The most prominent GO term associated with the downregulated genes identified from Z. bailii IST302 exposure to copper stress is “Mitochondrion”. This term is associated with 31 genes, including 8 genes also related to the metabolism of amino acids and genes encoding mitochondrial ribosomal proteins (homologous to S. cerevisiae MRP13, MRPL23, RSM26, SWS2 and YML6) (Fig. 3b).
Transcriptional profiling of the early response of the deletion mutant Zbhaa1∆ to acetic acid- or copper- induced stress
Sudden exposure of the Zbhaa1∆ deletion mutant to acetic acid stress, compared with unstressed cells, led to the identification of alterations in the transcription levels of 56 genes, one of which found to be upregulated while 55 were downregulated (Supplementary Table S5). Some of these genes have putative S. cerevisiae homologues previously described as having a role in acetic acid tolerance mechanisms and regulated by Haa116. These include HSP26, HSP30, HSP42, HSP78, HSP104, YGP1, HRK1 and YRO216. Under the selected conditions, exposure of the Zbhaa1∆ deletion mutant to copper stress led to the identification of changes in the mRNA levels from a much larger number of genes (1301), when compared with the unstressed cells. Among these, 663 were found to have increased mRNA levels, while 638 exhibited decreased mRNA levels (Supplementary Tables S6 and S7). The CRS5 homologue is the sole gene from the DEGs whose homologue was previously described as being regulated by Cup2 upon copper stress20.
Identification of the ZbHaa1-dependent genes transcriptionally activated upon acetic acid or copper exposure
The next step in the dataset analysis was the identification of the genes whose regulation is dependent on the expression of the ZbHaa1 transcription regulator, homologue of S. cerevisiae Haa1 transcription activator. These were selected based on the upregulated genes in the parental strain upon exposure to each stress relative to the control condition and, among these, the genes that were downregulated in the Zbhaa1∆ deletion mutant upon stress exposure relative to the parental strain exposed to the same stress (Fig. 4). Genes fulfilling these conditions are listed in Tables 1 and 2 for acetic acid or copper stress exposure, respectively.
Number of ZbHaa1-dependent genes activated in Z. bailii IST302 during exposure to acetic acid or copper stress. (a) Venn diagram depicting the number of upregulated genes (up arrow) in the parental strain, downregulated genes (down arrow) in the deletion mutant Zbhaa1∆ during exposure to acetic acid stress, and the common differently expressed genes (DEGs) between them (ZbHaa1-dependent genes). (b) Venn diagram depicting the number of upregulated genes (up arrow) in the parental strain, downregulated genes (down arrow) in the deletion mutant Zbhaa1∆ during exposure to copper stress, and the common DEGs between them (ZbHaa1-dependent genes).

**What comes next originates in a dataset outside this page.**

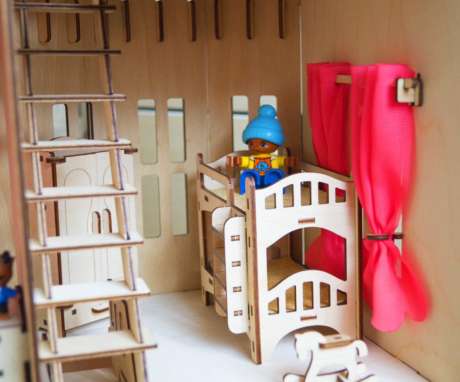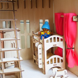 При сборке детали соединяются между собой, как конструктор в пазы. После сборки дом можно покрасить или покрыть лаком и даже поклеить обои, прекрасное "поле" для творчества.

Genes activated by ZbHaa1 under acetic acid stress
The elimination of ZbHAA1 gene led to a reduction in the transcription levels from 17 out of the 66 genes that were activated in the early response to acetic acid exposure in the parental strain (Fig. 4, Supplementary Tables S1 and S5). This set of 17 genes are presumably regulated by the transcription factor ZbHaa1 either as direct or indirect targets (Table 1). Among these genes, three have sequence homology to S. cerevisiae genes reported to be directly activated by Haa1: HSP26 (ORFs ZBIST_0079 and ZBIST_3442) and YGP1 (ORF ZBIST_0509)16. Differently from S. cerevisiae, Z. bailii has four copies of HSP26 homologues (ORFs ZBIST_0079, ZBIST_3334, ZBIST_3442 and ZBIST_4487). However, only the two aforementioned HSP26 homologues (ORFs ZBIST_0079 and ZBIST_3442) were found to be transcriptionally activated and displayed the highest fold-change registered (Supplementary Table S1). The Z. bailii YGP1 homologue, putatively encoding a cell-wall related secretory glycoprotein expressed in response to nutrient limitation21, may play a role in the remodeling of the cell wall structure and contribute to Z. bailii tolerance to acetic acid. This gene was shown to be activated by ZbHaa1 through Real Time Reverse Transcription-Polymerase Chain Reaction (RT-PCR) in a previous study, corroborating the obtained result14. Most of the genes considered here to be ZbHaa1-dependent in the early response of Z. bailii IST302 to sudden acetic acid exposure are homologous to genes encoding chaperones or co-chaperones involved in protein folding and stabilization. Other genes include the following: MMF1, encoding a mitochondrial matrix factor, having a possible role in mtDNA maintenance, since the deletion of this gene results in the loss of mtDNA and a decreased growth rate22; ARR3, encoding a metalloid/H+ antiporter, which is mainly involved in arsenite and antimonite detoxification23; MCR1, which codes for a mitochondrial NADH cytochrome b5 reductase, having an important role in the defense against oxidative stress, as it functions as a NADH-D-erythroascorbyl free radical reductase24; and MDH1, coding for the mitochondrial malate dehydrogenase, which converts malate to oxaloacetate in the TCA cycle25.
Genes activated by ZbHaa1 under copper stress
The genes whose transcriptional regulation upon copper stress is dependent on ZbHaa1 transcription factor were identified as described for acetic acid stress. Elimination of the ZbHAA1 gene led to a reduction in the mRNA levels from 15 out of the 121 genes that were activated in the parental strain exposed to copper stress (Fig. 4, Supplementary Tables S3 and S7). These genes were classified as ZbHaa1-dependent, that is, activated either directly or indirectly by this transcription factor (Table 2). The already reported ZbHaa1 activation of the homologue of the copper-binding metallothionein encoding gene CRS5 (ORF ZBIST_3713) in Z. bailii14 was herein confirmed. Among the identified ZbHaa1-dependent genes in the early response to copper (Table 2) is the ORF ZBIST_1696, putatively encoding a cation transport ATPase and the glutamate dehydrogenase Gdh3 encoding gene homologue (ZBIST_1594), important for the biosynthesis of glutathione, a hydroxyl radical scavenger26.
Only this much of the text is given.